Thursday, December 3, 2009

Brothers


Enjoying a movie requires a certain amount of suspension of belief. After all, we are glimpsing into the lives of characters we've just met. And we are given only two hours or so to grasp it all. When a movie works, we are drawn into the story to such an extent that the boundaries of time become meaningless. The missing pieces fall into place and we manage to forget that what we are watching is a representation of events and human interaction, and not the actuality. For those two hours in the dark, we are “there.”

Brothers is a powerful movie that addresses many sweeping themes—loyalty, nationalism, guilt, desire, forgiveness, redemption. Tobey Maguire is Captain Sam Cahill, the prodigal son, a decorated Marine who takes his job very seriously and is devoted to the men under his command. Maguire delivers a tour de force performance, stretching into realms of human emotion he has not had the chance before to deliver.

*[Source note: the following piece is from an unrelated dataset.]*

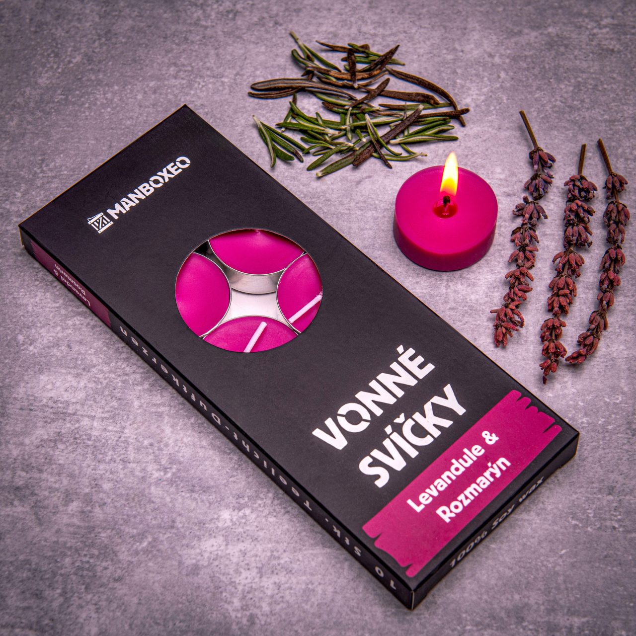 Fialovočierne VONNÉ SVIEČKY 10 ks — LEVANDUĽA & ROZMARÍN — Kvapka levandule, štipka rozmarínu a kvalitný sójový vosk. Z tejto kombinácie nemôže vzniknúť nič zlé — len príjemná vôňa a krásna atmosféra.

And he clearly has the talent and strength to do it. More than anyone in the movie, Maguire releases his ego to his character so completely that we easily forget we are watching an actor and not a soldier bearing the lasting damage of physical and emotional torture.

Happily married to his high school sweetheart Grace, (Natalie Portman), Sam is redeployed to Afghanistan. Shortly after, his plane is shot down and he is believed to be dead. The dreadful news is delivered to his wife. And here the dichotomy in the movie begins. We see the reality of Sam’s horrific circumstances in the hands of the Taliban. And we see Grace’s reality back home, where somehow her house is bright, her hair and clothes look great in a very ‘natural’ way, and she even begins to feel a convenient attraction to Sam’s brother, Tommy (Jake Gyllenhaal), the attractive black sheep of the family, recently released from prison.

The scenes in Afghanistan are gritty and believable. We hold our breath as we are reminded that war is not simple and that untold horrors are the rule, not the exception. Many of the scenes back home lose that sense of truth. They are too Hollywood—the colors too rich, the ‘tra la la’ quality of some of the domestic scenes just fitting into place so nicely. As good and thought provoking as the overall theme of the movie is, the implausibility of these events and situations interferes with the power of the film, preventing us from being entirely drawn in. Too many scenes are cutesy, convenient, disjointed; it’s as if we’re viewing two disparate treatments of reality combined into one film. One being cinema verite, the other being melodrama. As a result, the suspension of belief we initially felt about the harsh reality of war's collateral damage on the battlefield and at home is interrupted.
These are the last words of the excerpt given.